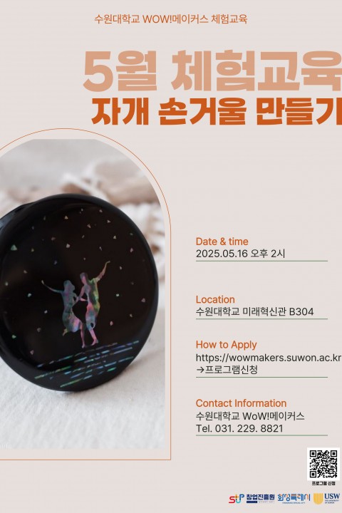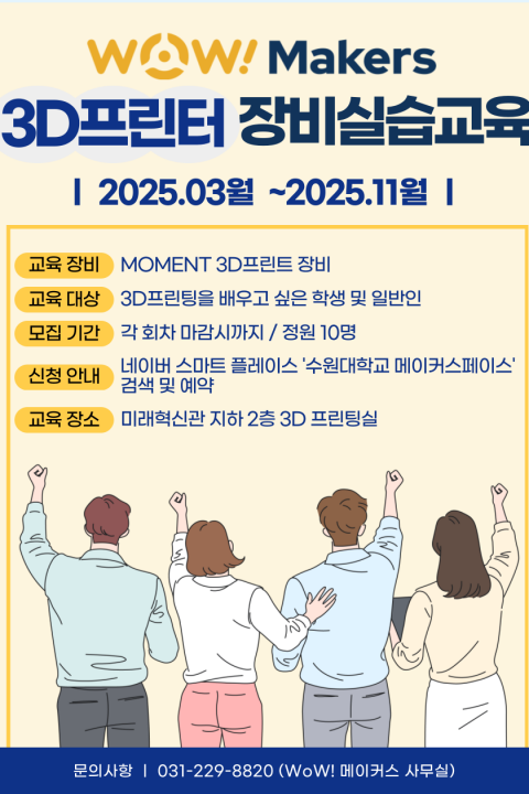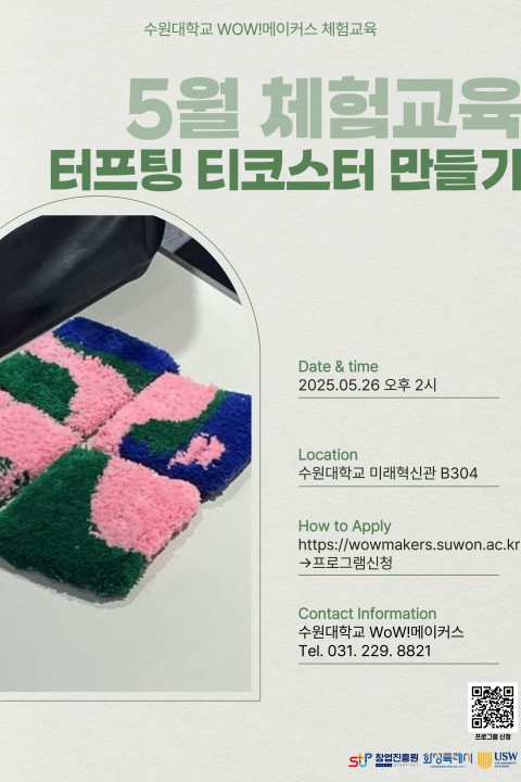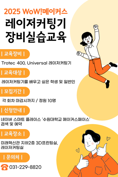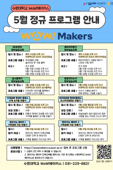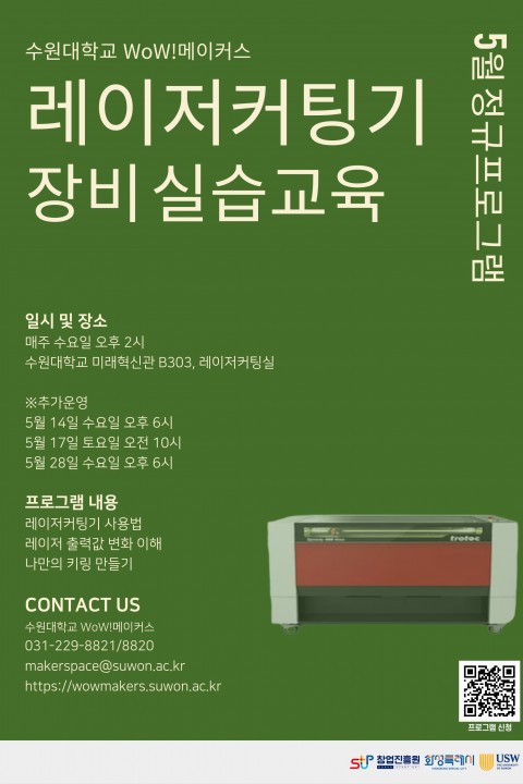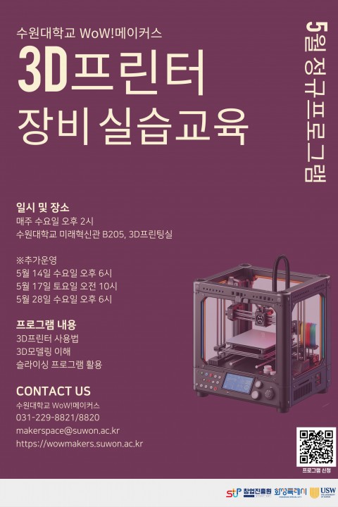 E-mail : makerspace@suwon.ac.kr    Address : 경기도 화성시 봉담읍 와우안길 17, 미래혁신관 516호
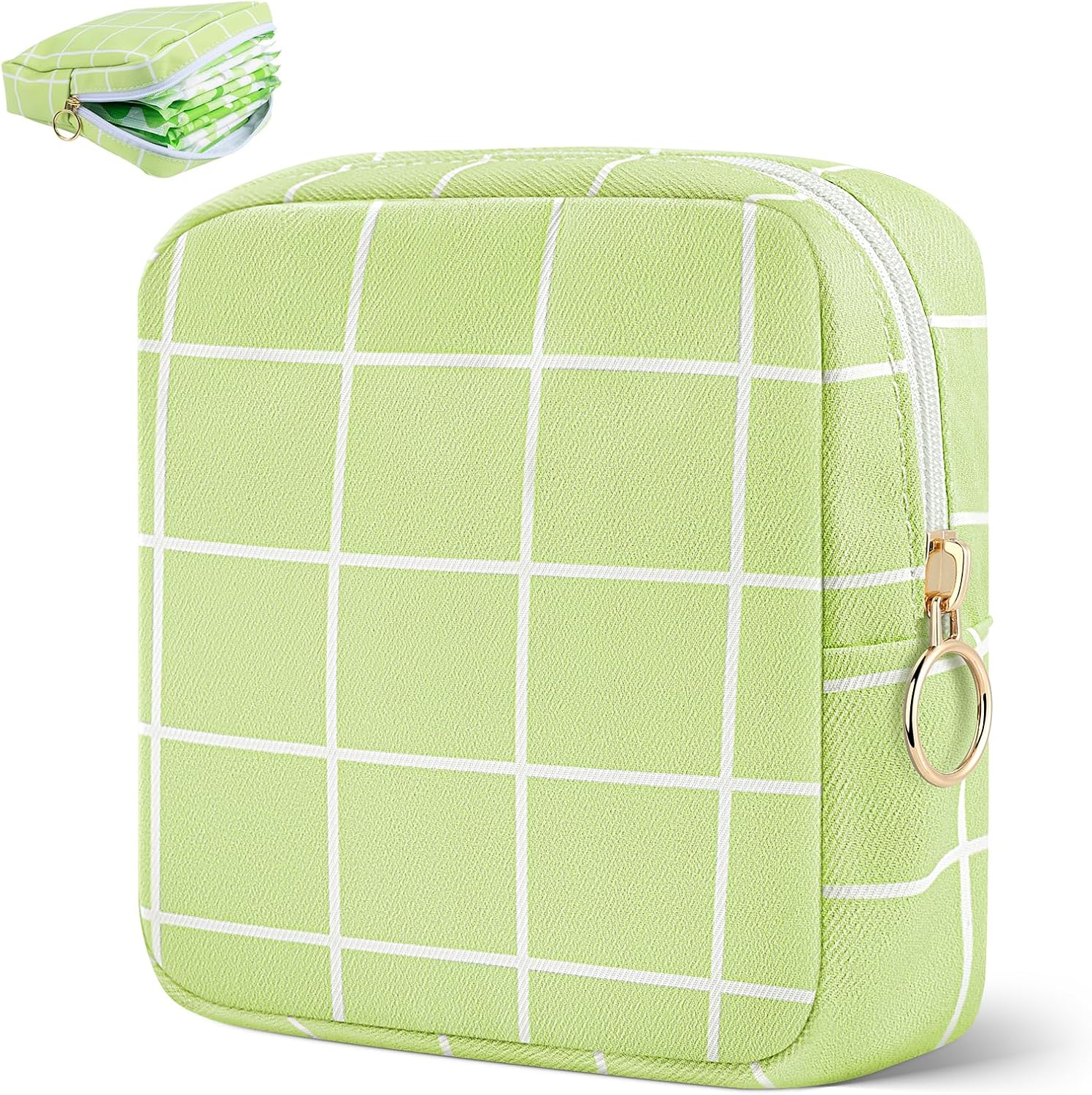 Desing Wish Period Bag Pouch Soft Cloth Sanitary Napkin Storage Bag Portable Menstrual Pad Pouches Tampon Holder for Purse First Period Kit for Girls 9-12 (Grass Green Plaid)
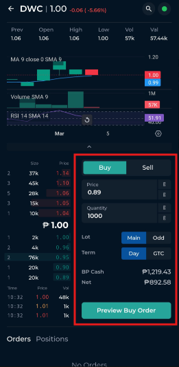 Tap the Buy or Sell button at the lower portion of the screen.

____________________

### Your instructions:
A faithful, word-for-word copy of the data is needed; the pictures should not appear in it.

### Exercise answer:
 E-mail : makerspace@suwon.ac.kr    Address : 경기도 화성시 봉담읍 와우안길 17, 미래혁신관 516호
 Desing Wish Period Bag Pouch Soft Cloth Sanitary Napkin Storage Bag Portable Menstrual Pad Pouches Tampon Holder for Purse First Period Kit for Girls 9-12 (Grass Green Plaid)
 Tap the Buy or Sell button at the lower portion of the screen.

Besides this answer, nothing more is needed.